Looking at the jessie hosts there's an interestin time correlation:
The last systems with a 4xx GID for debmonitor were installed in March 2018. The two systems with a 9xx GID (eeden and mc1021) were installed in Sep and Nov 2018, so something changed (most probably in Puppet in between) which influences the allocation within the specified range.

(2) The allocation is also changing within a single installation. When looking at db1114 (a buster system) the prometheus system user has GID 116 and debmonitor has 998 (and both are created with equivalent adduser calls in postinst). Also something that needs to be investigated further.

There's a number of actionables here, for which I'll create separate tasks:

  • Puppetise adduser.conf and limit the range of system GIDs to 499 as the upper boundary for system users.
  • Investigate (1) and (2)

I think the initial quick fix for the gitpuppet install race is to move it from 998 to 501. We can declare that the range between 500 (currently owned by wikidev) and 700 (where the user groups start to be managed with "ops") is reserved for system level meta groups whose main purpose is to provide a stable GID for cross-system replication of files.

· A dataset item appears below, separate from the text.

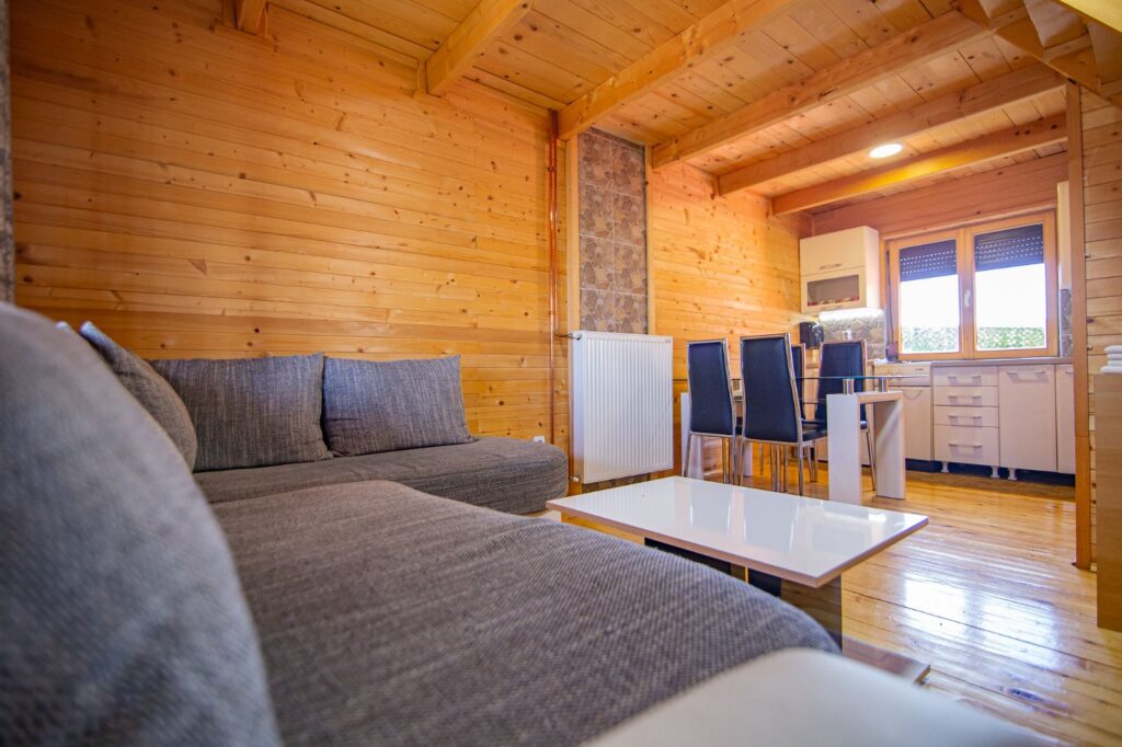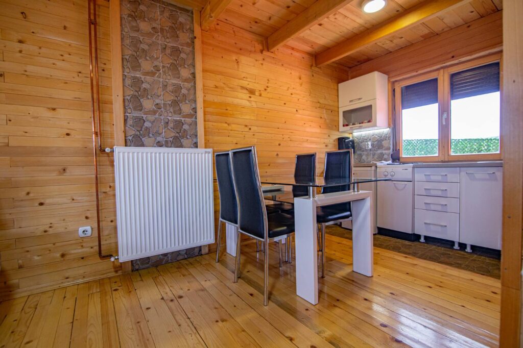Svaka brvnara ima zatvorenu terasu koja je pogodna za uživanje i tokom zimskih dana. U prizemlju se nalazi dnevna soba, kuhinja i veliko kupatilo sa kadom. Na spratu su smeštene dve udobne sobe: jedna sa bračnim krevetom i TV-om, a druga sa dva singl kreveta. Soba sa bračnim krevetom opremljena je smart TV-om s pristupom internetu, kako biste mogli uživati u omiljenim sadržajima tokom boravka. Naša voda je izvorska i odličnog kvaliteta, što dodatno doprinosi vašem komforu.

jbond triaged this task as Medium priority.Oct 14 2019, 12:46 PM

Removing task assignee due to inactivity, as this open task has been assigned for more than two years. See the email sent to the task assignee on February 06th 2022 (and T295729).

Please assign this task to yourself again if you still realistically [plan to] work on this task - it would be welcome.

If this task has been resolved in the meantime, or should not be worked on ("declined"), please update its task status via "Add Action… 🡒 Change Status".

Also see https://www.mediawiki.org/wiki/Bug_management/Assignee_cleanup for tips how to best manage your individual work in Phabricator.

MoritzMuehlenhoff claimed this task.

We can close this task and there's no Puppet server specific change needed. There have been various other changes which fixed this, most notably that we have puppetised defaults for adduser.conf and systemd-sysuser to allocate local system users between 100-499.

Change 818450 had a related patch set uploaded (by Jbond; author: jbond):

[operations/puppet@production] P:base: add stages

https://gerrit.wikimedia.org/r/818450

Change 818450 merged by Jbond:

[operations/puppet@production] P:adduser: apply adduser before any packages are installed

https://gerrit.wikimedia.org/r/818450

Change 819541 had a related patch set uploaded (by Jbond; author: Jbond):

[operations/puppet@production] P:adduser: apply adduser before any packages are installed

https://gerrit.wikimedia.org/r/819541

Change 819580 had a related patch set uploaded (by Jbond; author: jbond):

[operations/puppet@production] P:adduser: apply adduser before any packages are installed

https://gerrit.wikimedia.org/r/819580

Change 819581 had a related patch set uploaded (by Jbond; author: jbond):

[operations/puppet@production] P:apt: apply apt before any packages are installed

https://gerrit.wikimedia.org/r/819581

Change 819580 merged by Jbond:

[operations/puppet@production] P:adduser: apply adduser before any packages are installed

https://gerrit.wikimedia.org/r/819580

Change 819541 abandoned by Jbond:

[operations/puppet@production] P:adduser: apply adduser before any packages are installed

Reason:

https://gerrit.wikimedia.org/r/819541

Change 819581 abandoned by Jbond:

[operations/puppet@production] P:apt: apply apt before any packages are installed

Reason:

we have fixed this issue with a different patch

https://gerrit.wikimedia.org/r/819581